-- DATA RECORDS follows --

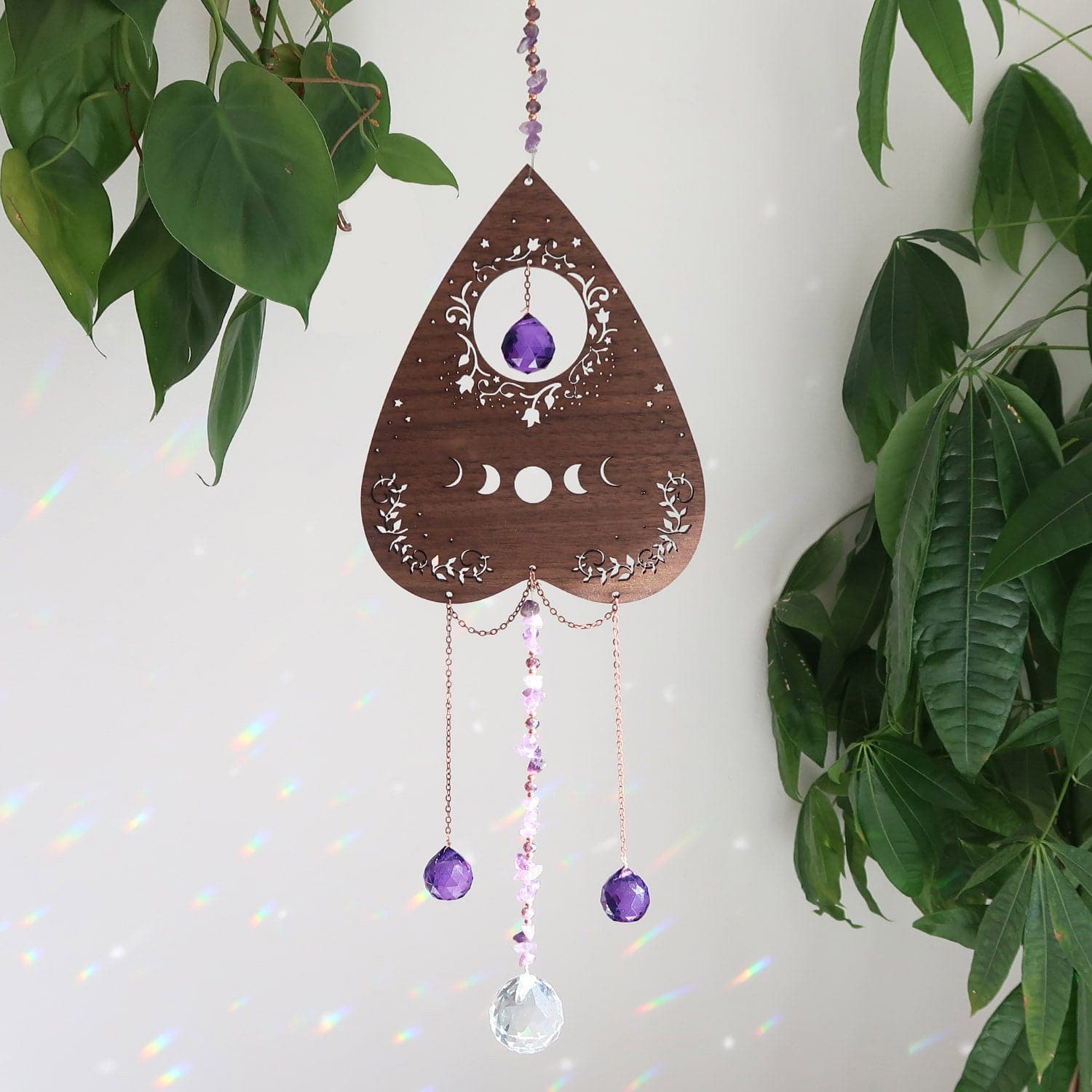 when sunlight hits the amethyst, it creates rainbow prisms throughout your space while maintaining the crystal's energetic charge.
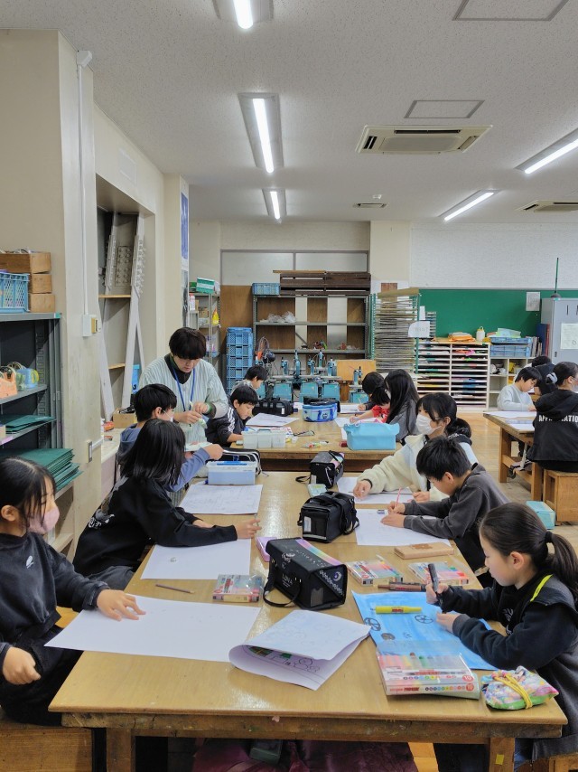 「あったらいい町、どんな町」を描いていきます。行ってみたい町、住んでみたい町を自由に想像して絵に表していきます。
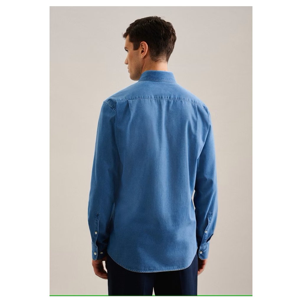 Pánska dlhorukávová košeľa v klasickom strihu od Seidenstiker. Button down golier, ikonické logo čiernej ruže vyšité na rukáve. Materiálové zloženie môže svojím spracovaním na prvý pohľad pripomínať nepoddajný denim, ide však o veľmi jemnú, priedušnú a na dotyk príjemne mäkkú tkaninu z bavlneného vlákna prémiovej kvality. Vysoko komfortný, športovo-ležérny artikel, ktorý bude perfektne vyzerať v outfite s tmavými chino nohavicami a elegantnou aj voľnočasovou obuvou.
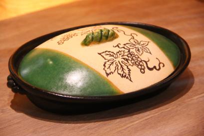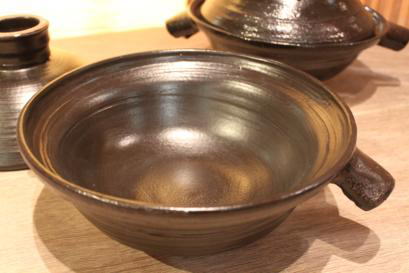 ![]() 耐火耐熱の土を使った作品といえばやはり「土鍋」ではないでしょうか。重厚感のある鍋黒釉がお勧めです。(レシピはメンバーズサイトで 公開) |
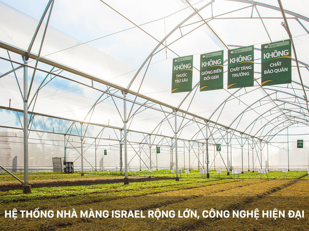 Rau an toàn 4KFarm được trồng trong nhà lưới Israel chống côn trùng xâm nhập, giám sát bằng công nghệ 4.0.
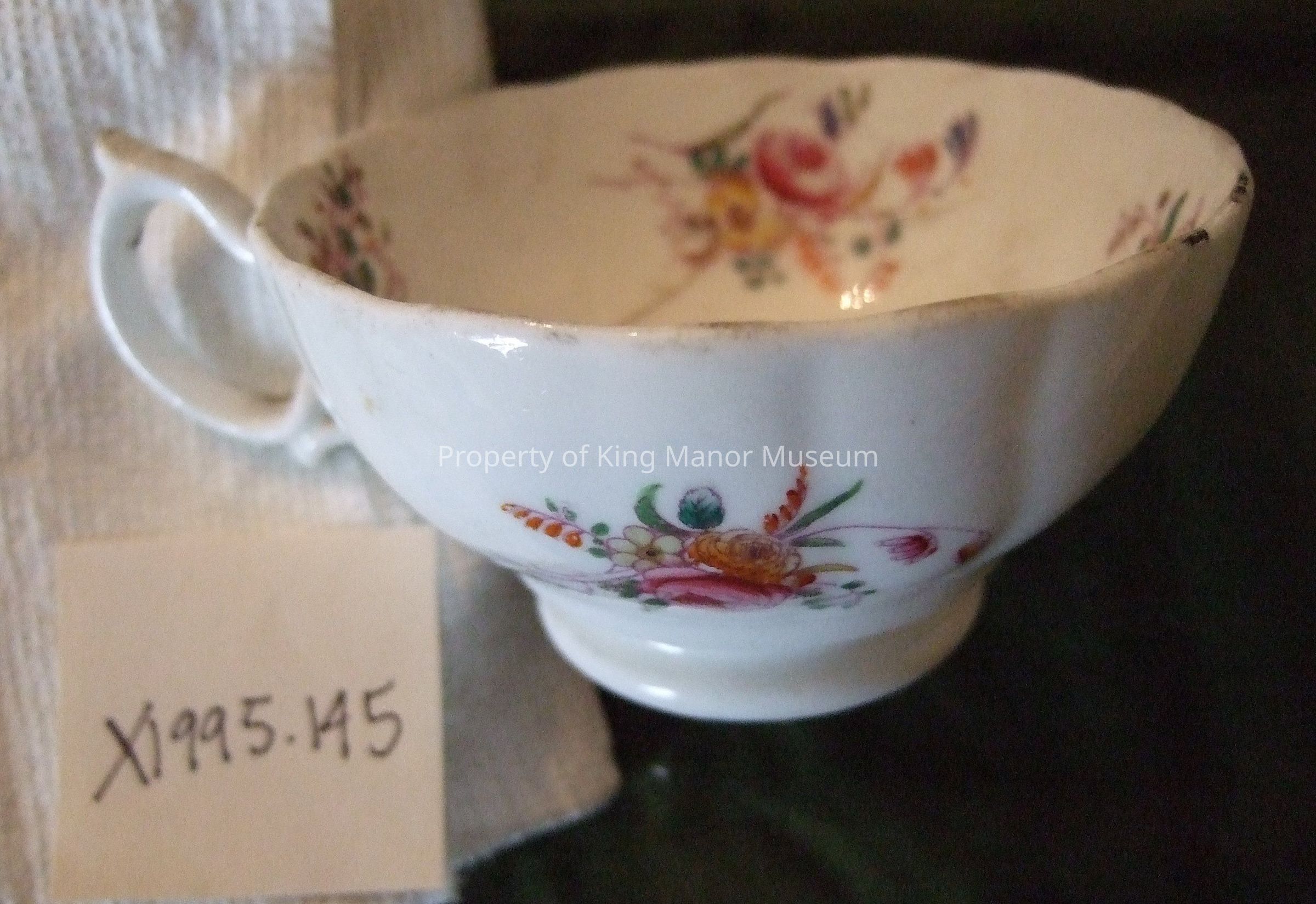 White ceramic footed teacup having floral bouquets of rose and sprig; several cracks in bowl; paper sticker with the letter L on undersideCollection
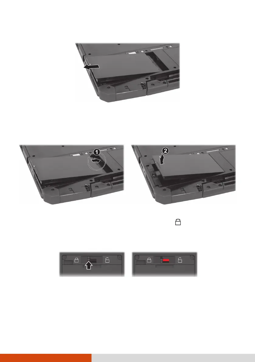 7. Slide the battery latch toward the locked position ( ).

-- DATA RECORDS concluded --

_ASSIGNED TASK_
For this exercise, reproduce the data above exactly from the line containing "White ceramic footed" through its final line, both ends included, with no pictures in the copy.

_REPLY_
 White ceramic footed teacup having floral bouquets of rose and sprig; several cracks in bowl; paper sticker with the letter L on undersideCollection
 7. Slide the battery latch toward the locked position ( ).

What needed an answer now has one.